Available data:
%%

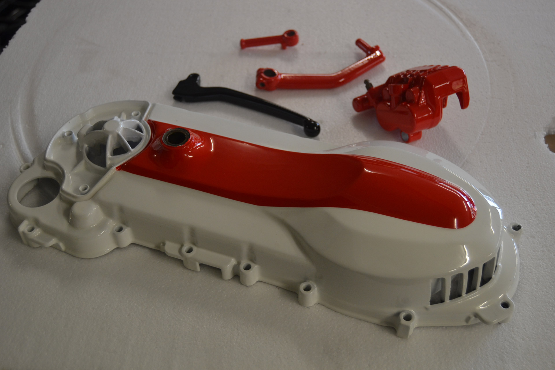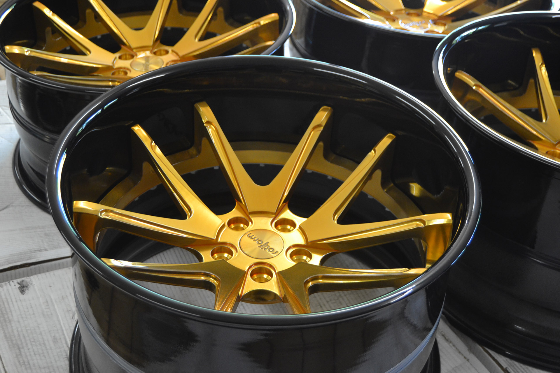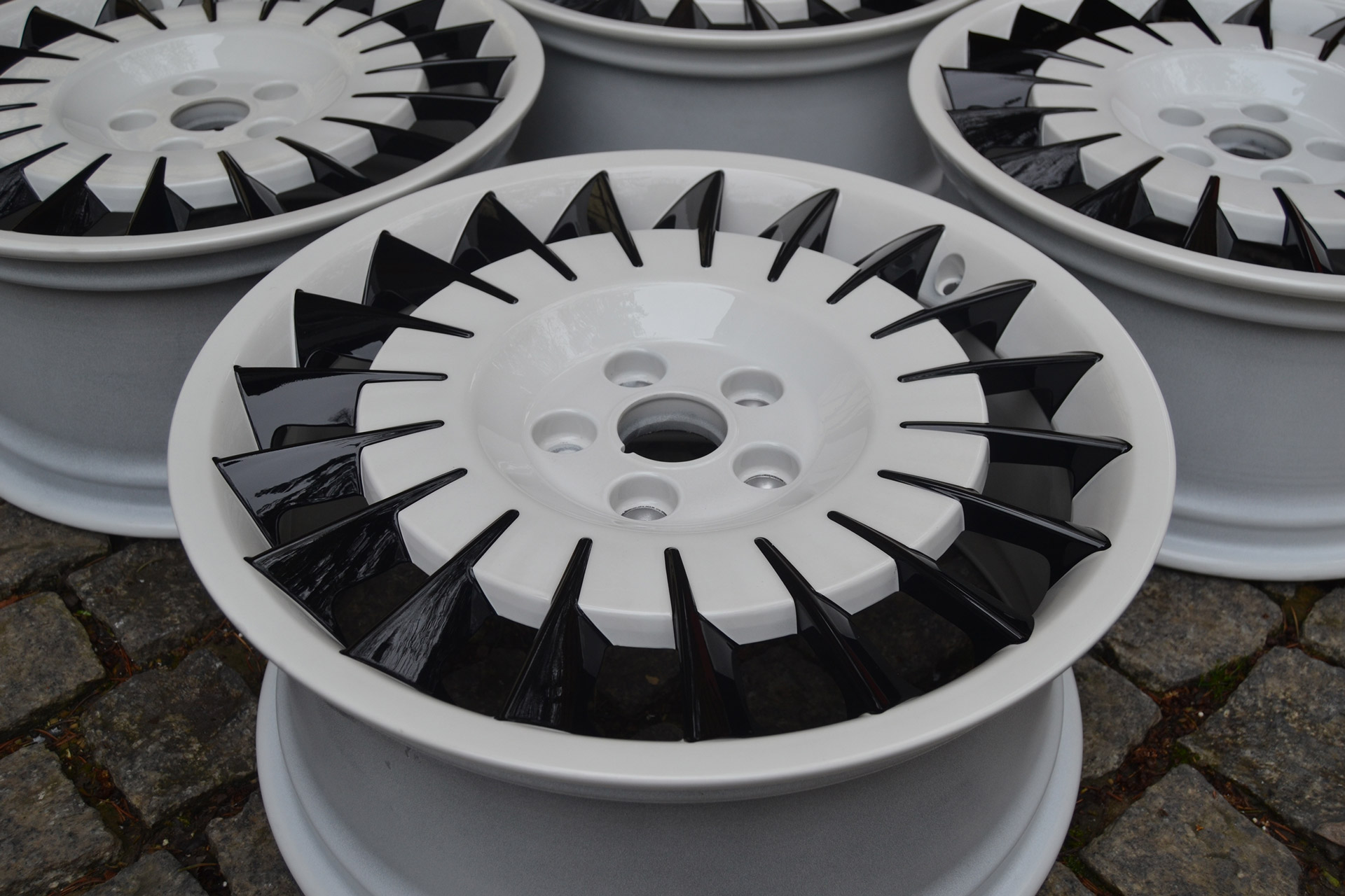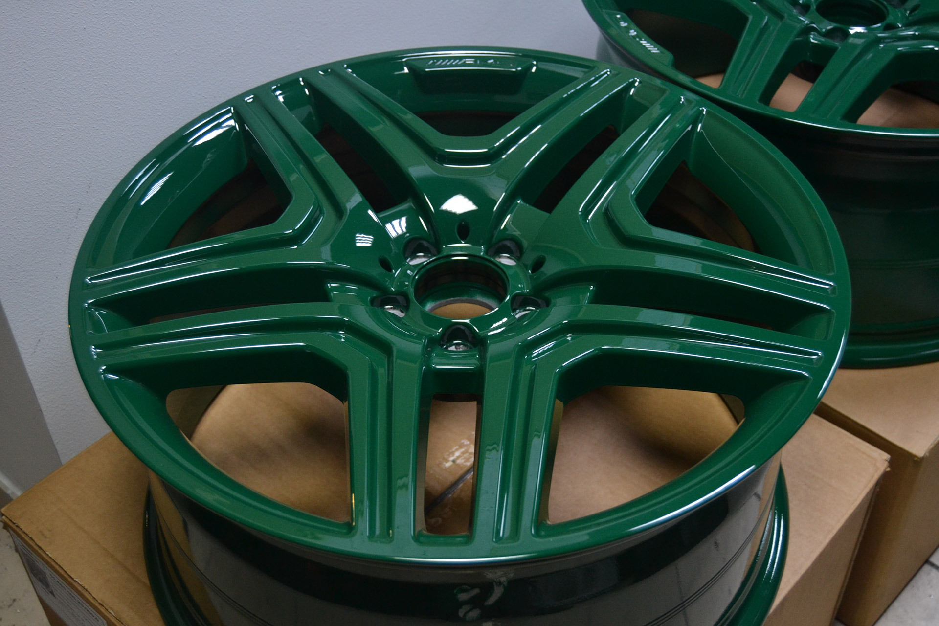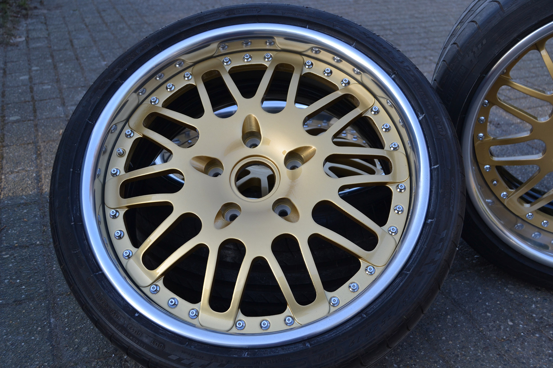 Nach dem Pulverbeschichten können die Teile auf Wunsch an bestimmten Stellen poliert werden und zum Schutz der polierten Flächen ergänzend Klar beschichtet werden (z.B. das Felgenbett wie es auf dem Bild unterhalb zu sehen ist).
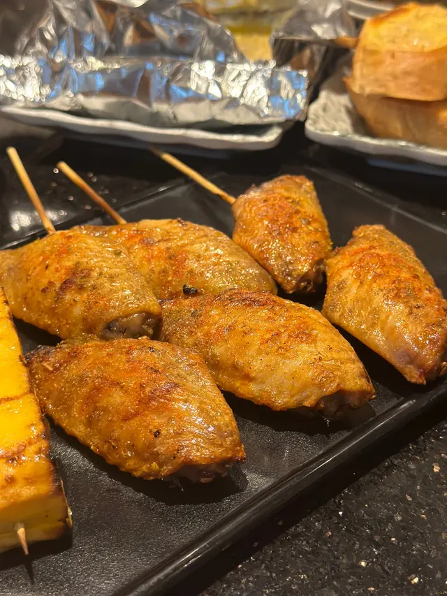 豚肉蘆筍卷更是驚喜,焦香的豬肉把蘆筍的清甜牢牢鎖住,一口一個根本停不下;爆汁的炭燒雞翼、嫩到入口即化的鹽燒帶子,連芝士煙肉卷都鹹香得剛好 。最後來份燒野菜解膩,從演唱會散場的熱
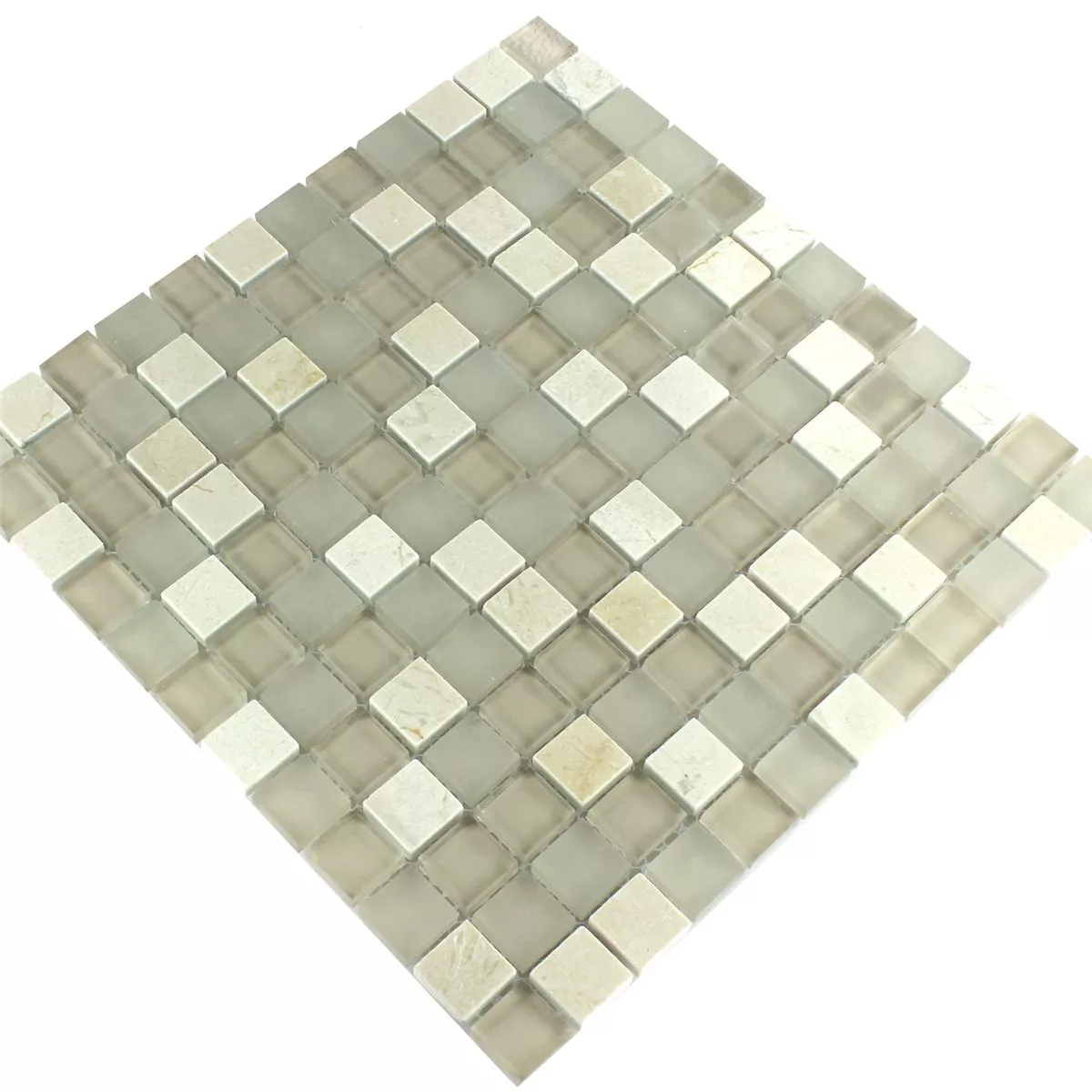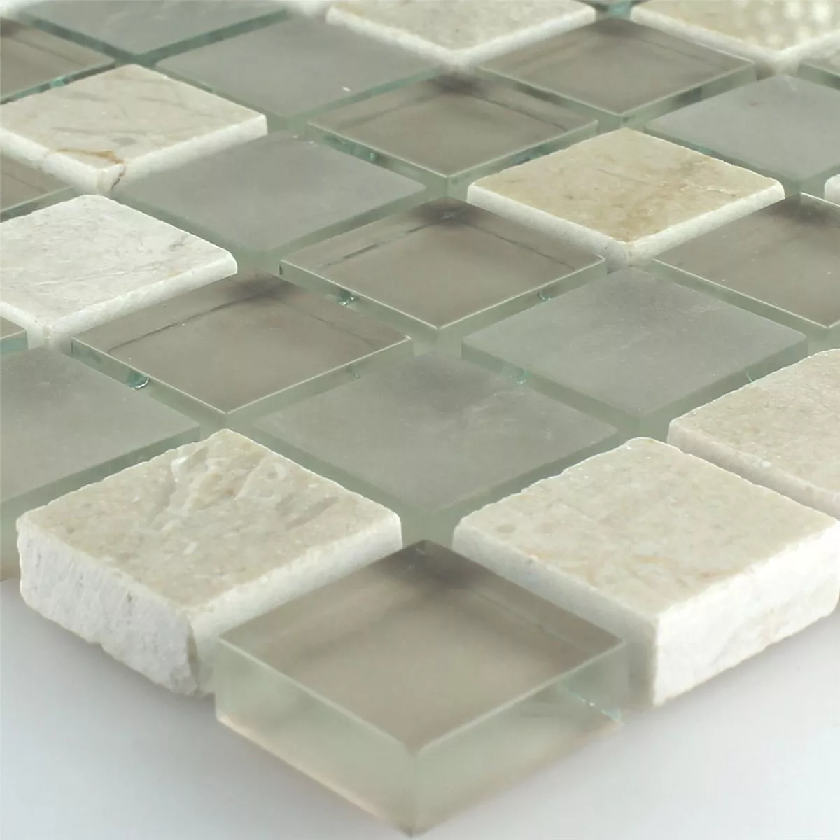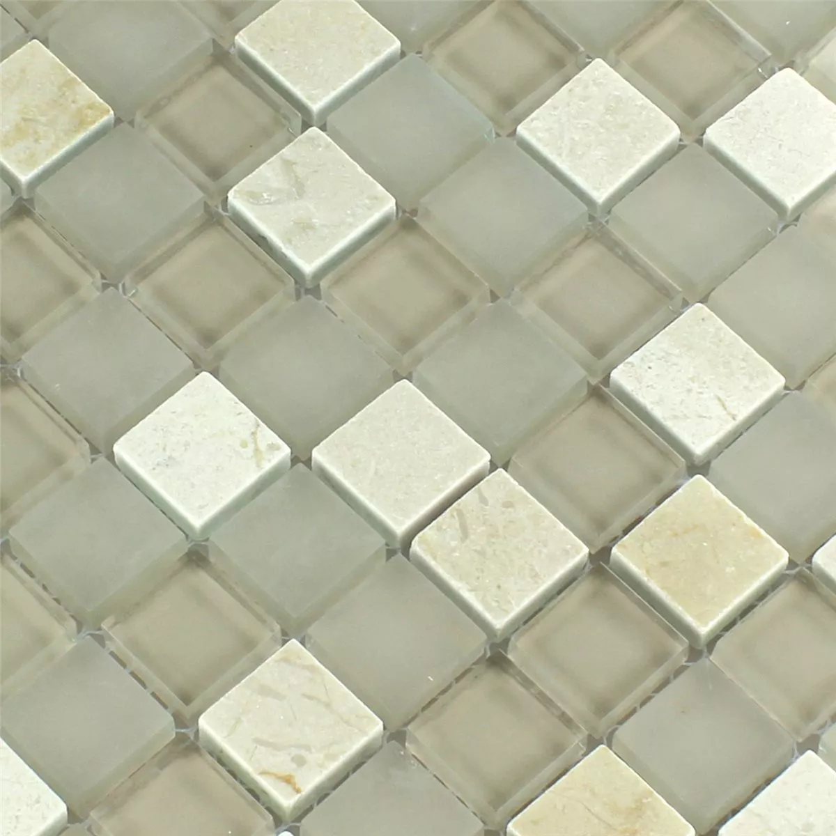 Azulejos De Mosaico Cristal Mármol Barbuda Crema 23x23x8mm

%%

Exercise requirements: Could you output the lines above exactly, with no pictures included?

Written solution:
 Nach dem Pulverbeschichten können die Teile auf Wunsch an bestimmten Stellen poliert werden und zum Schutz der polierten Flächen ergänzend Klar beschichtet werden (z.B. das Felgenbett wie es auf dem Bild unterhalb zu sehen ist).
 豚肉蘆筍卷更是驚喜,焦香的豬肉把蘆筍的清甜牢牢鎖住,一口一個根本停不下;爆汁的炭燒雞翼、嫩到入口即化的鹽燒帶子,連芝士煙肉卷都鹹香得剛好 。最後來份燒野菜解膩,從演唱會散場的熱
 Azulejos De Mosaico Cristal Mármol Barbuda Crema 23x23x8mm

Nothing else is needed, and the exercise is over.